Introduction to pituitary disorders

The hormones secreted by the anterior pituitary gland are:

  • adrenocorticotrophic hormone (ACTH)
  • thyroid stimulating hormone (TSH)
  • growth hormone
  • prolactin
  • follicle stimulating hormone
  • luteinising hormone.

The hormones secreted by the posterior pituitary gland are:

  • arginine vasopressin (also known as antidiuretic hormone)
  • oxytocin.

Pituitary disorders are most commonly caused by sellar or parasellar masses, the majority of which are pituitary adenomas. Refer patients with a sellar or parasellar mass to an endocrinologist for a differential diagnosis, and assessment of pituitary function.

Other causes of pituitary disorders include surgery, radiation, infection, trauma, congenital defects and certain drugs. A disorder of the hypothalamus can cause a secondary pituitary disorder. In children, craniofacial dysmorphic features and eye anomalies (especially midline clefts and optic nerve hypoplasia) suggest problems with hypothalamic–pituitary development.

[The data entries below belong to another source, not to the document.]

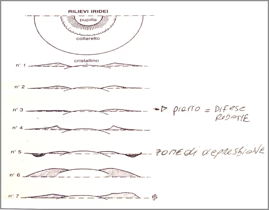 Secondo Gilbert* Jausas i rilievi 5,6,7 dello schema successivo ci parlano di una diminuita resistenza organica. Il rilievo ideale di un’iride normale in cui la forza vitale è equilibrata, secondo Jausas, è il rilievo numero 1. Nel rilievo numero 2, un passato patologico ha smussato il profilo, senza colpire sensibilmente la resistenza dell’organismo. Nel rilievo numero 3 siamo già di fronte ad una diminuzione delle difese. La diminuzione di vitalità aumenta nelle configurazioni 4 e 5, per arrivare alla configurazione numero 6 caratterizzata da iperattività funzionale del simpatico, e alla 7 riscontrabile in situazioni caratterizzate da patologie croniche.
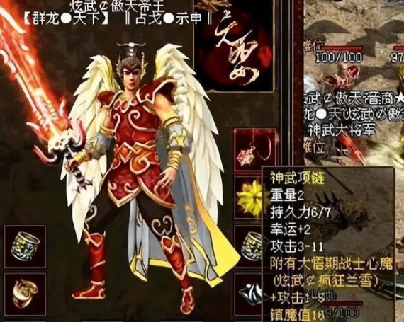 15 区五羊的攻 12 + 幸运 2 神武项链,是暴力战士的终极追求。作为神武套装的核心部件,普通神武项链已属稀有,而这条突破属性上限的极品,相当于给战士额外多带了一把武器,让持有者帝王横扫全服。这位 71 级的巅峰大佬,原本在 100 区就与对手斗得不可开交,转战五羊区后,正是凭借这条项链的强悍加成,硬生生掀翻了原有统治格局,一统整个区服,成为无人能敌的霸主。当年曾有土豪开出百万天价收购,却被帝王断然拒绝 —— 对他而言,这不仅是装备,更是统治力的象征。
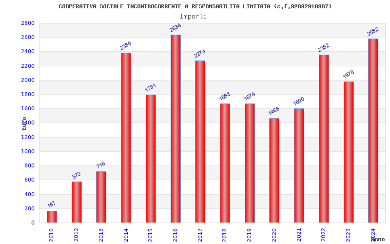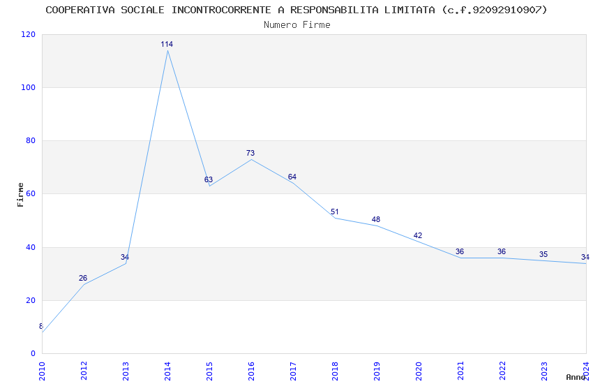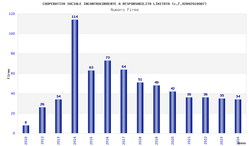 | Anno | Firme | Importi | Media | Naz. | Reg. | Prov. | Comu. |
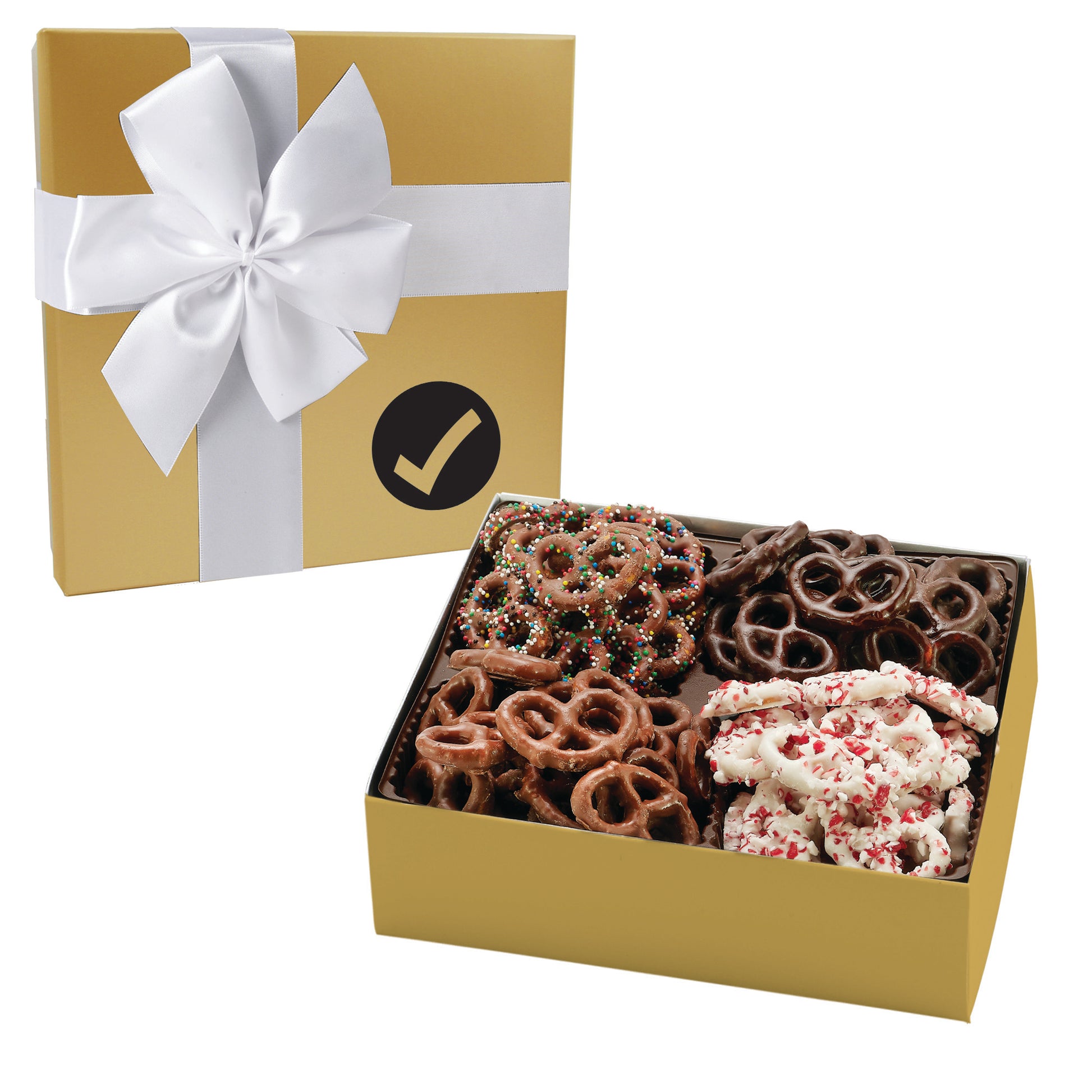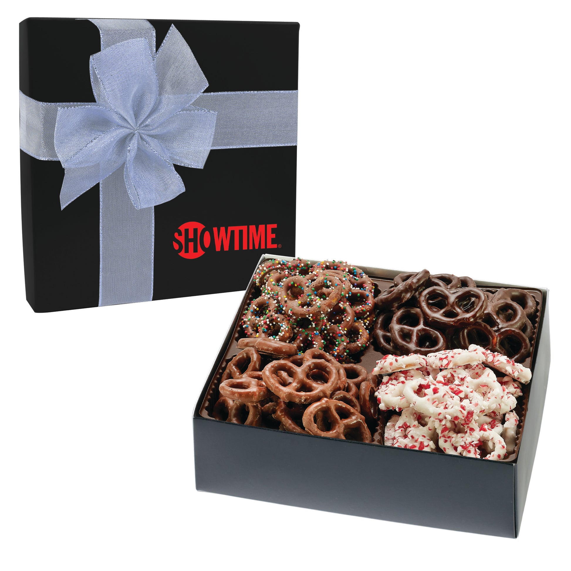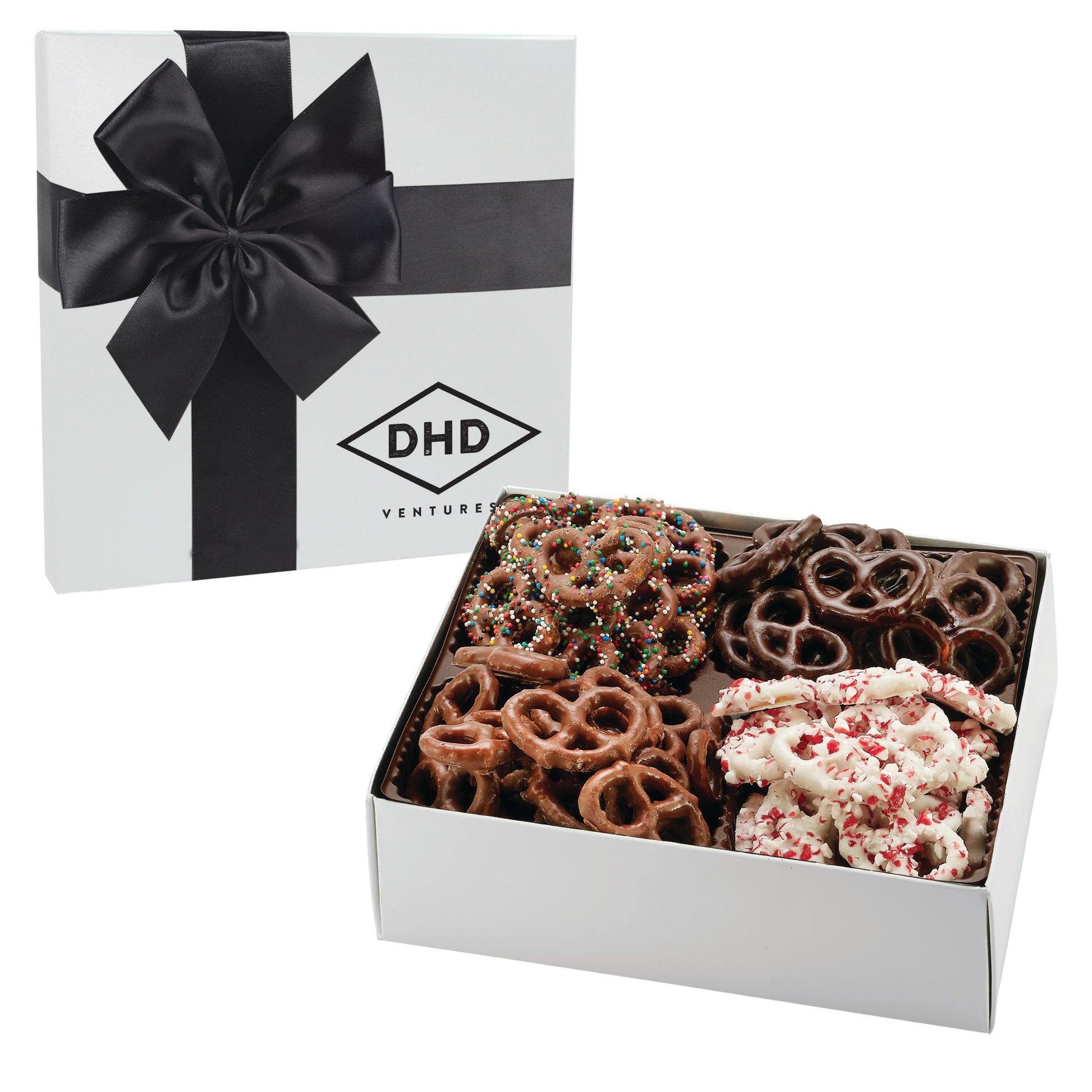 Sweet & Salty Sensation is a decadent 4-way gift box featuring a variety of enrobed pretzels, each one more delicious than the next.
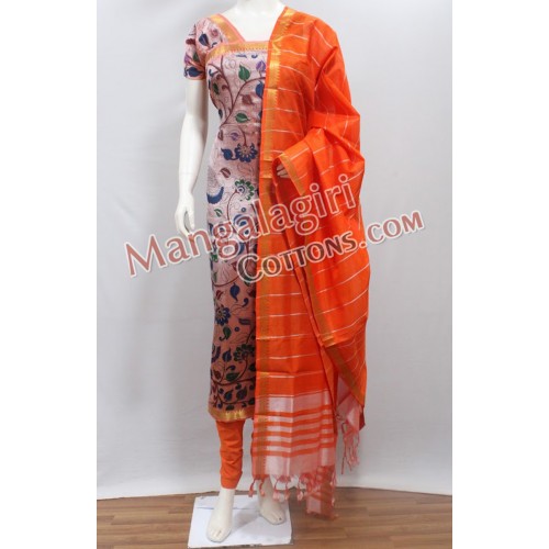 Printed Mangalagiri SemiPattu Dress Material. 3 Pieces set. Top(Cotton+Silk Mix):2.5m, Bottom(Cotton):2m & Duppata(Cotton+Silk Mix):2.5m. Weaving pattern:Semi thick weaving.
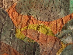 Jeanne Williamson, Orange Construction Fence Series #28, monoprinted, hand painted, hand stamped, machine stitched
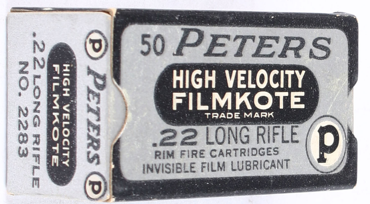 Peters, High Velocity Filmkote, .22 Long Rifle, RHWeb: PCC-13 LR-1a, Full, 1pc. Silver & black box, box is solid with excellent color, very minor corner wear, edges are mostly crisp, end flaps are solid, ammo is excellent. Grade: Excellent + - Value: 20 to 30
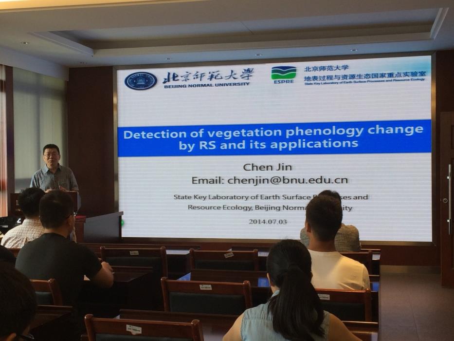 受聘仪式结束后,陈晋教授作了题为“遥感物候探测及应用”的精彩学术报告。陈教授以“什么是物候”、“为什么有物候”的设问方式开题,指出了遥感技术在物候变化检测中的重要意义,并分析了遥感分析框架下现有方法的局限性和不足,继而提出了基于NDVI降尺度和基于CCSM的两种物候变化检测方法。最后,陈教授以沙尘暴为例,分析了物候在生态上的应用。
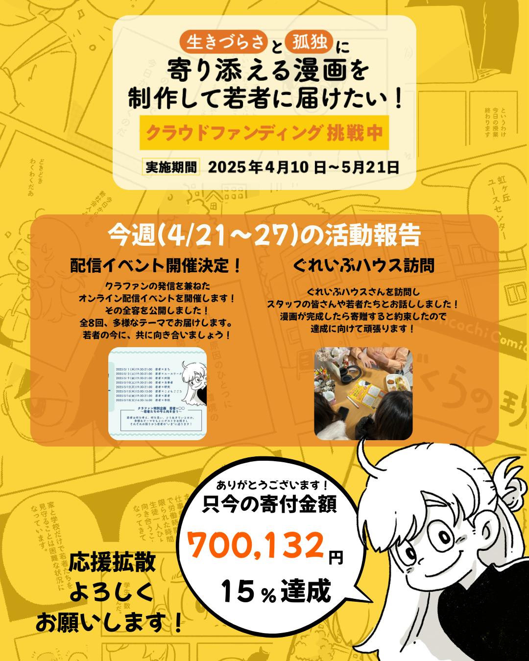 漫画が完成したら寄贈すると約束したので、達成に向けて頑張ります!
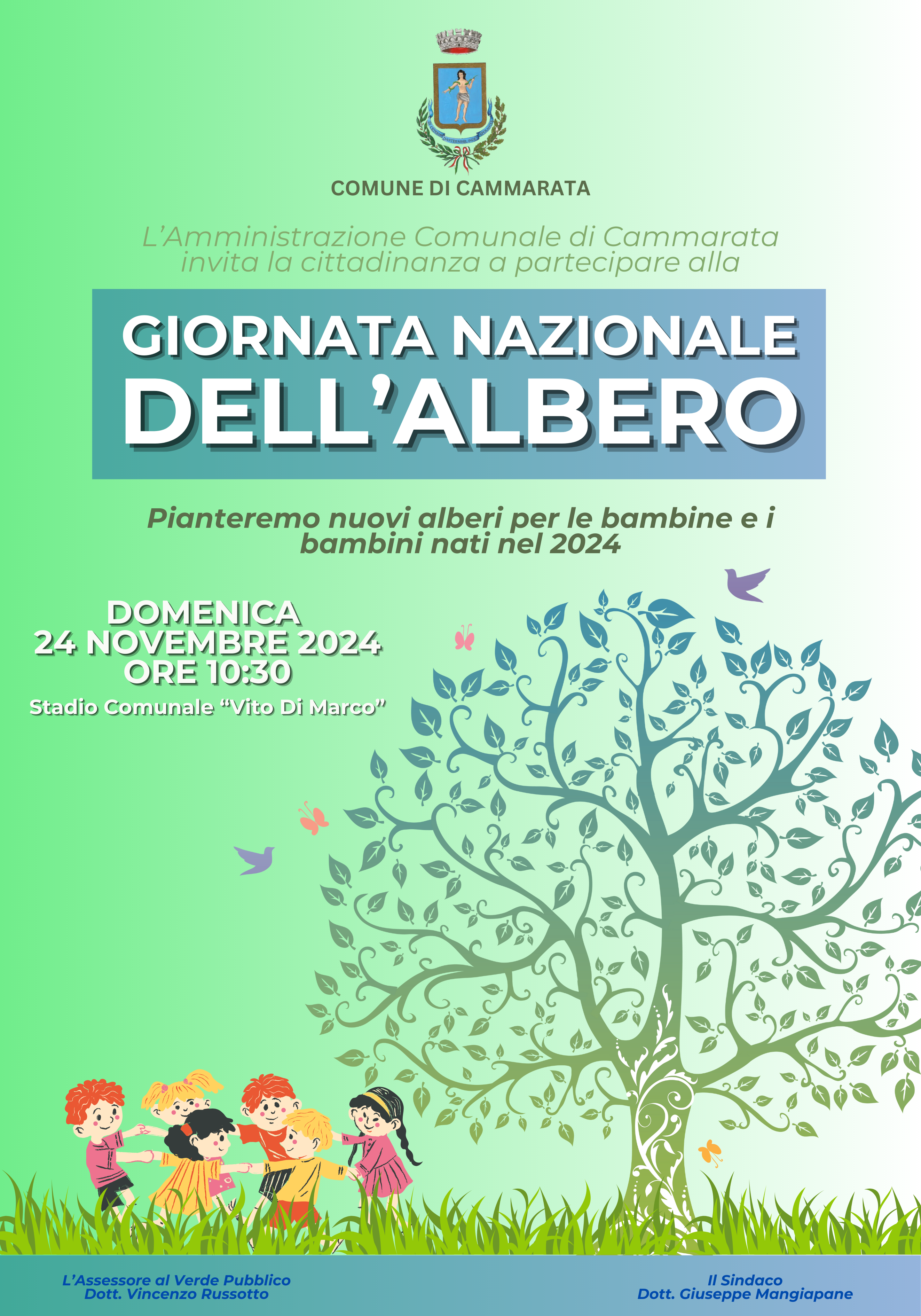 Anche l'Amministrazione Comunale di Cammarata, ha programmato per domenica 24 novembre 2024 alle ore 10.30 presso lo stadio comunale ”VITO DI MARCO” una manifestazione collegata all'iniziativa "Un albero per ogni nuovo nato e per ogni nuovo arrivato", con la piantumazione di tanti alberelli, quanti sono i bambini di Cammarata nati nel 2024 ed i nuovi arrivati .

The signs and symptoms of a pituitary disorder can be related to an excess or insufficient secretion of pituitary hormones, as well as pressure effects of a mass (eg headache, visual disturbances). The onset can be acute or insidious.

The resilience of the individual pituitary cell types to the various causes of pituitary disorders varies. In hypopituitarism related to pituitary compression, the order of diminished pituitary hormone reserve is usually growth hormone, follicle stimulating hormone, luteinising hormone, thyroid stimulating hormone then adrenocorticotrophic hormone. Prolactin deficiency is rare, except in patients with complete pituitary disruption or genetic syndromes. Prolactin secretion is under tonic inhibitory control, so any disruption typically causes hyperprolactinaemia.

Management of pituitary disorders depends on the aetiology and severity of the disorder, and should usually be determined by a specialist.

For a pituitary mass causing altered hormone secretion or pressure effects, transsphenoidal surgery is usually indicated; craniotomy is rarely indicated. Nonfunctioning adenomas can often be observed without intervention if they are not a threat to vision and if pituitary function is normal. Some disorders, such as prolactinoma, are typically managed with drug therapy.

For a pituitary disorder causing hormone deficiency, replacement therapy can be required short term (eg before surgical correction), or indefinitely. Some deficiencies do not require immediate intervention, but prompt replacement therapy is required for:

  • cortisol deficiency (caused by adrenocorticotrophic hormone deficiency)
  • thyroid hormone deficiency (caused by thyroid stimulating hormone deficiency)
  • diabetes insipidus (caused by arginine vasopressin deficiency).